I have been accessing the Flat River from M-21. I use the parking lot by the East edge of the dam. There appears to be a trail following the river. Is this trail public? If so how far does to go?


----------



## staplesguy

you can actually access the Flat right where it meets the grand just south of Lowell. When you are on M-21 going through town turn south at the light next to the big mill. The fairgrounds are about 1/2 mile on the left. Go in the last entrance at the white fence and this will take you down to the Grand. Bear left at the river and this road deadends. Park there. You are now at the mouth of the Flat. There are trails on both sides that are public. Have fun!!!!!


----------



## ThatGuyRooT

I live in belding on the river, a about 500 yards from the dam.

Have yet to fish yet, but seen photos of large like and bass from some localsort.
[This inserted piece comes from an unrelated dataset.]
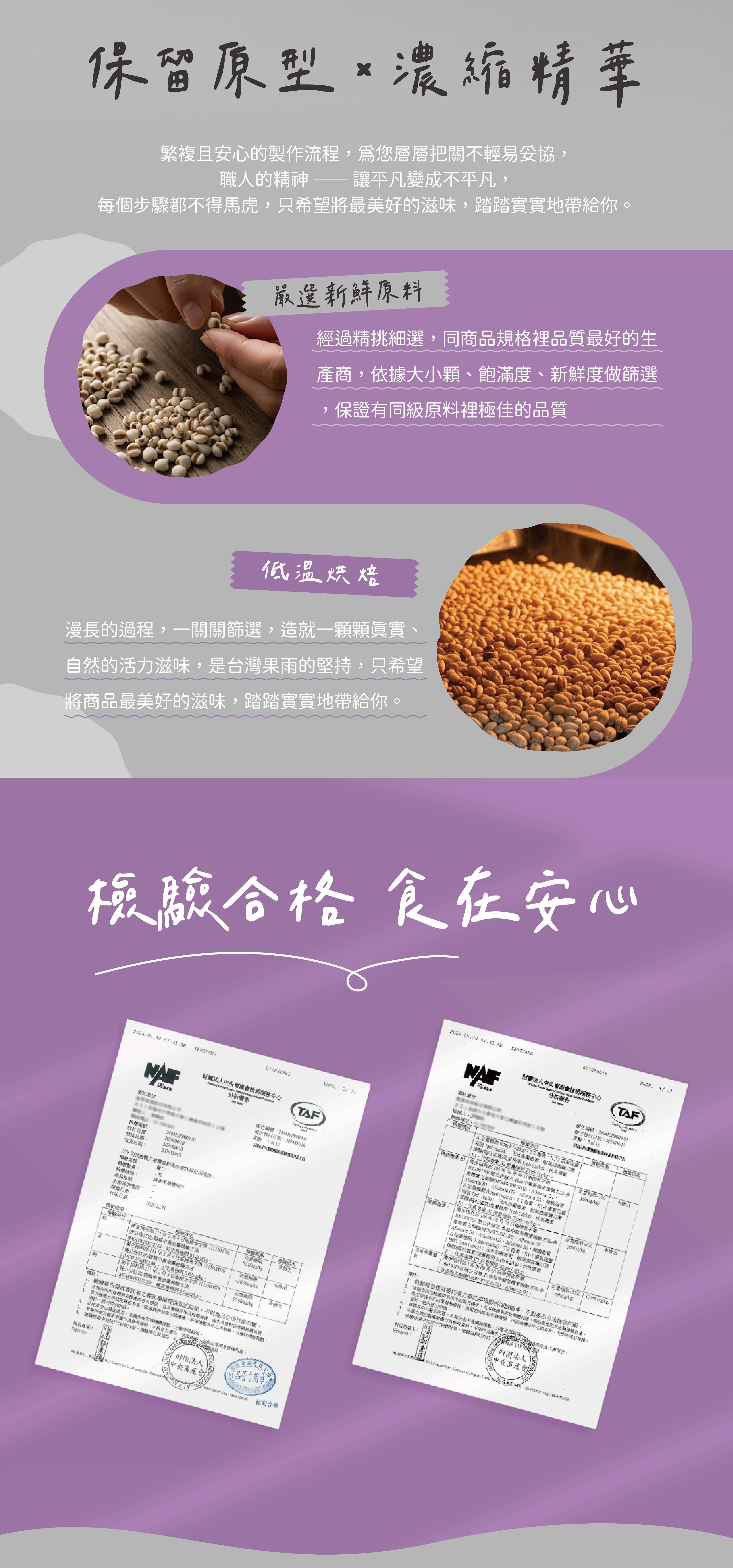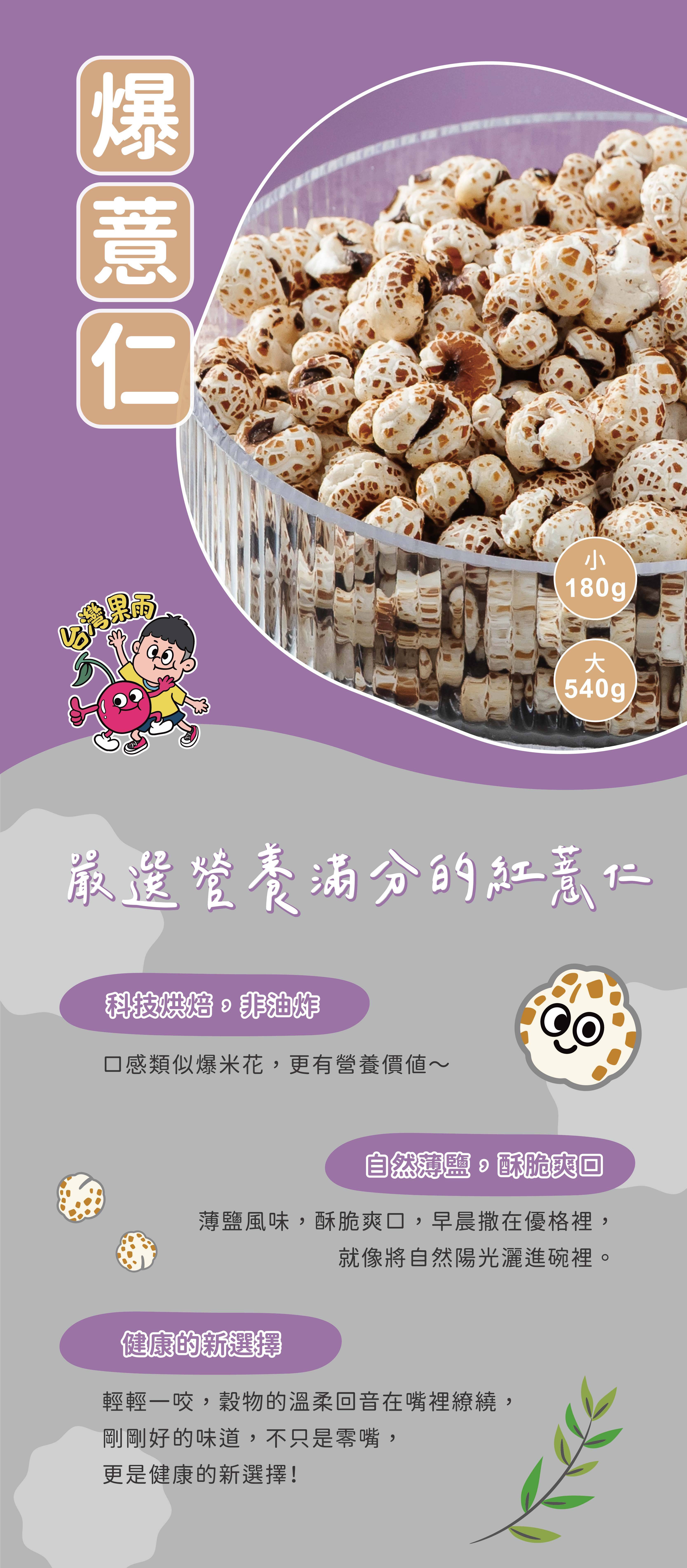 嚴選營養滿分的紅薏仁,控制含水量,以膨發高壓熟成技術烘焙製作,非油炸,
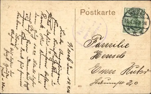 Zustand, siehe Scan, gelaufen, 1916 - ca 14 cm X 9 cm

New fly rod should be here tomorrow and I might take a walk and see what's around


----------



## barrett

You just responded to a post that has been inactive for 13 years haha


----------



## ThatGuyRooT

barrett said:


> You just responded to a post that has been inactive for 13 years haha


I thought about that.

Figured if I said anything about flat river I'd get a load of **** for not looking through the archives, lol


----------



## barrett

You will likely see a lot of smallmouth in there, I go out near fallasburg park where it gets shallow and throw a swirl tail jig and they destroy it.


----------